Mechanical properties and microstructure evolution of T2 copper in multimodal ultrasonic vibration assisted micro-compression

Abstract

Multimodal ultrasonic vibration (UV) assisted micro-forming has been widely investigated for its advantages of further reducing forming loads and improving forming quality. However, the influence mechanism of different UV modes on microstructure evolution and mechanical properties was still unclear. Multimodal UV assisted micro-compression tests on T2 copper with different grains and sample sizes were conducted in this study. The microstructure evolution for different UV modes was observed by EBSD. The results showed that the true stress reduction caused by UV was increased sequentially with tool ultrasonic vibration (TV), mold ultrasonic vibration (MV) and compound ultrasonic vibration (CV).

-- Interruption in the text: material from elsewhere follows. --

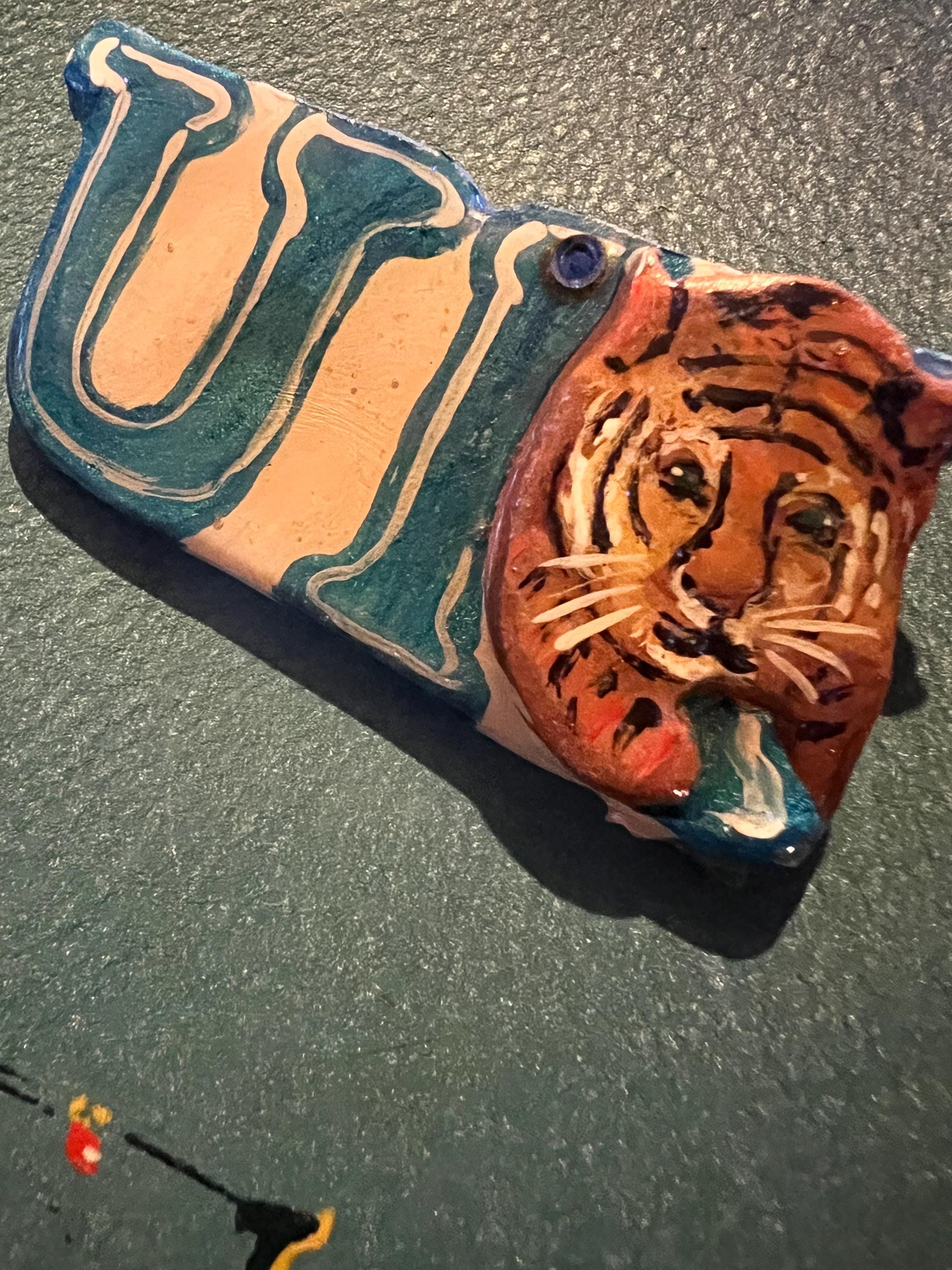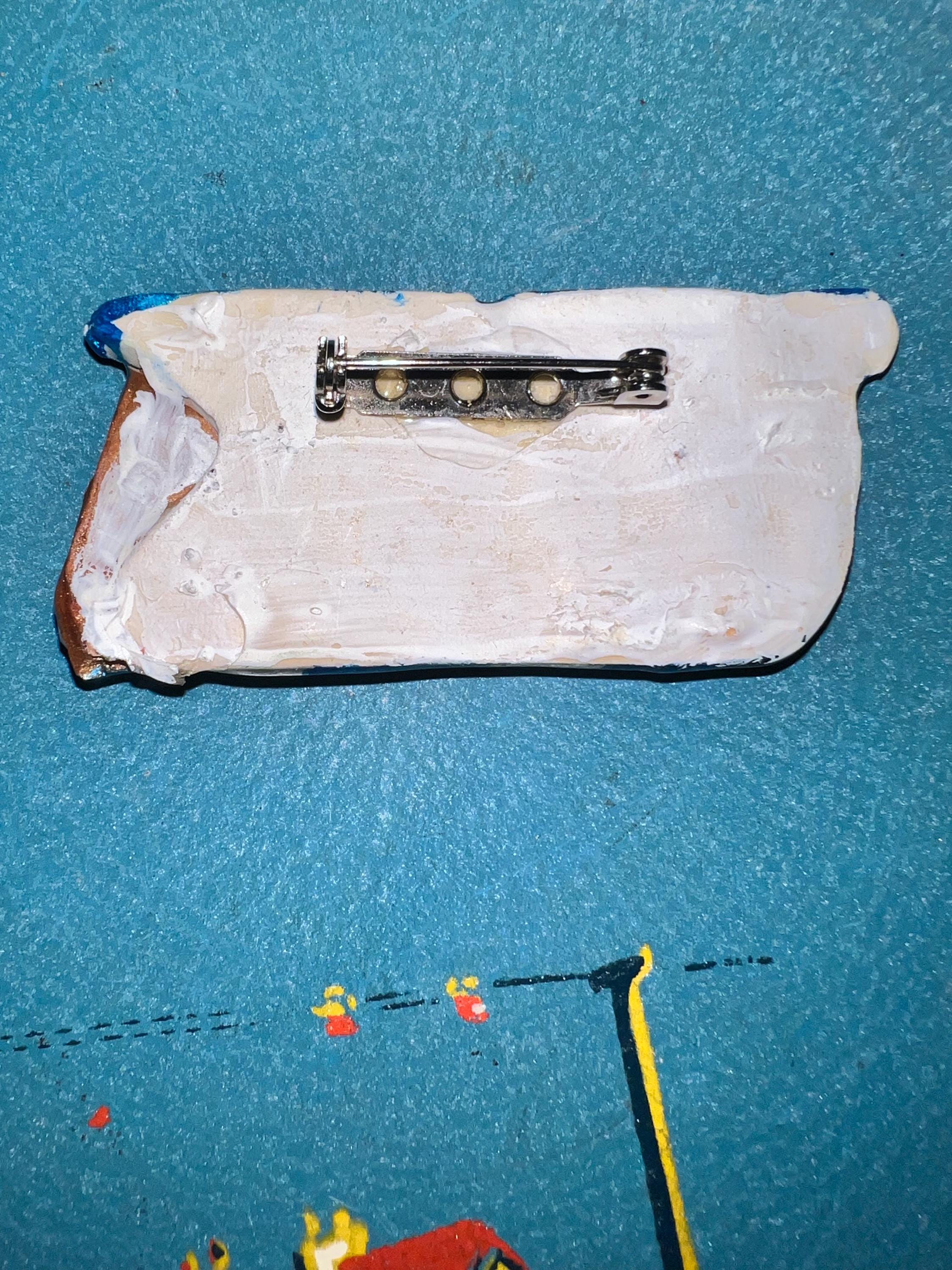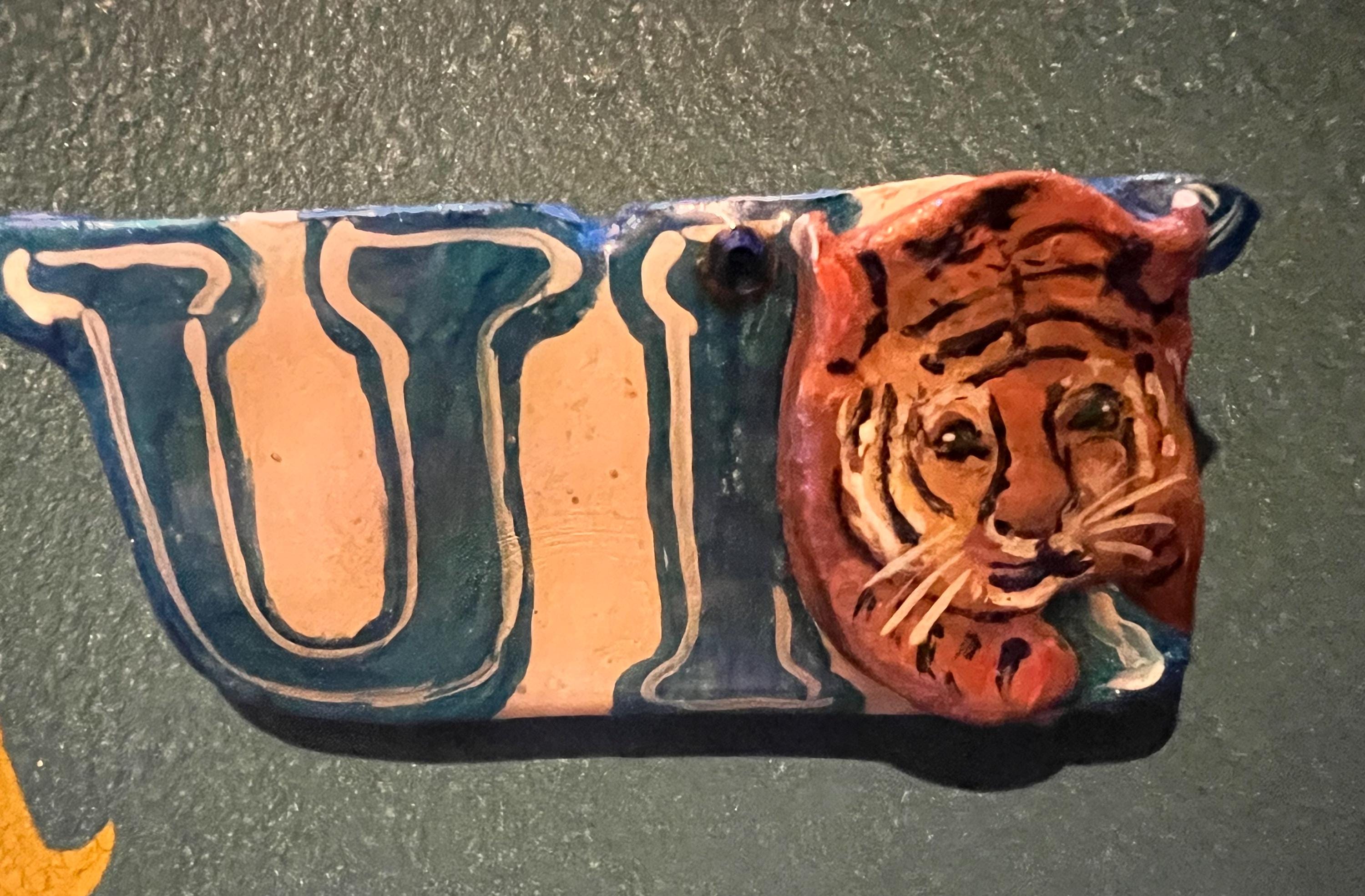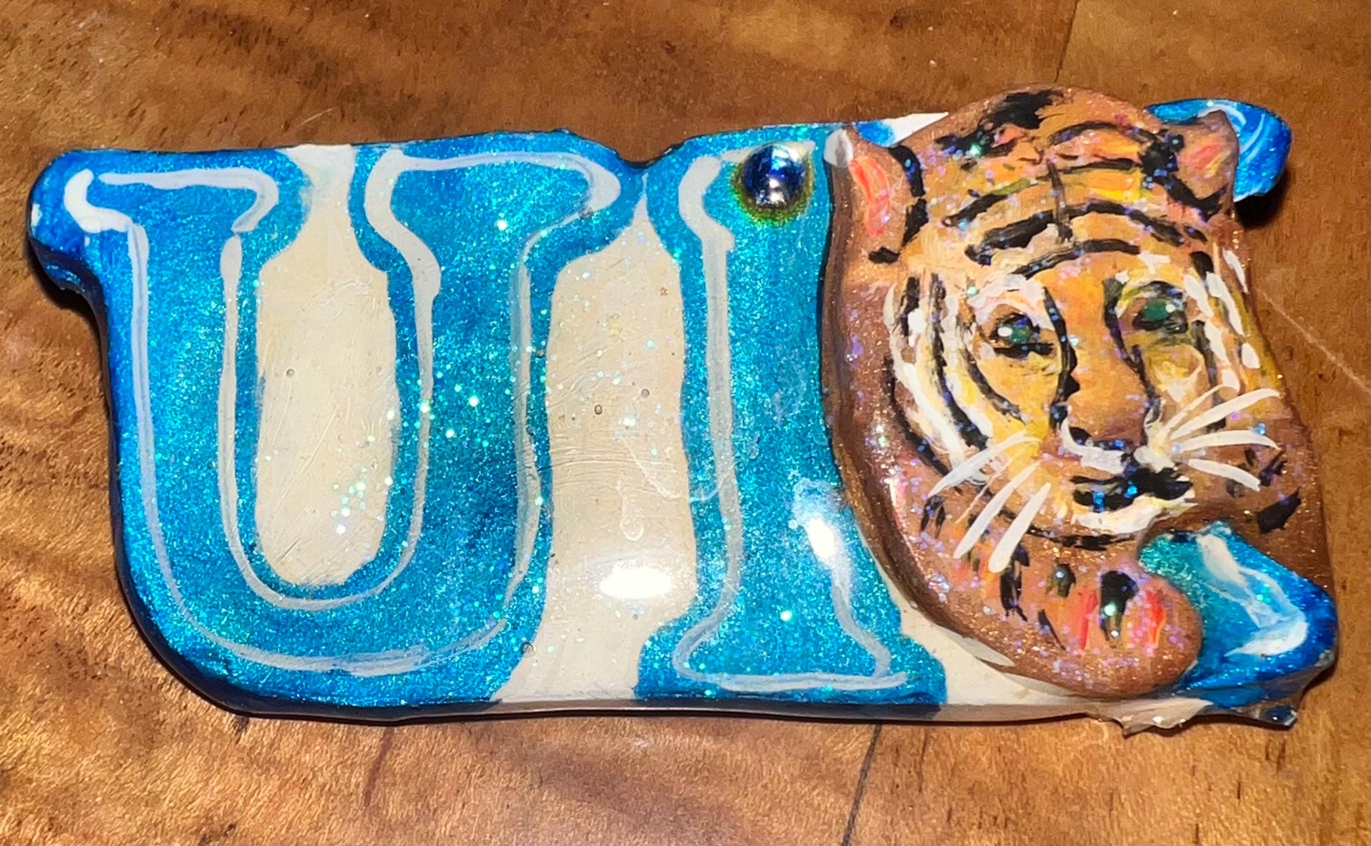 I love this UK (University of Kentucky) handmade brooch. It’s made from plaster or some other material and has a little blue gemstone up at the top. It also has a nice shine that glistens. It is in good vintage condition.
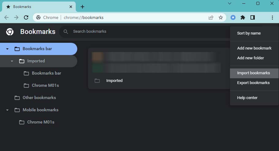 Observação: Se você não tiver nenhum marcador em seus favoritos barra, importar uma pasta HTML de favoritos adicionará todos os favoritos diretamente à sua barra de favoritos. Se você já tiver favoritos em sua barra de favoritos, os favoritos importados serão adicionados a uma nova pasta Importados no final de sua barra de favoritos.

The region of grain deformation was shifted along the direction of UV, and the MV promoted the uniform distribution of deformation stress. The grain refinement, fiber streamline density, grain deformation and rotation degree were further enhanced under CV, due to the synergistic effect of TV and MV. Additionally, a coupled theoretical model considering both acoustic softening effect and size effect was proposed for describing the mechanical properties. And a physical model of dislocation motion in different UV modes was developed for describing the microstructure evolution. The maximum error between the theoretical and experimental results was only 2.39%. This study provides a theoretical basis for the optimization of UV assisted micro-forming process.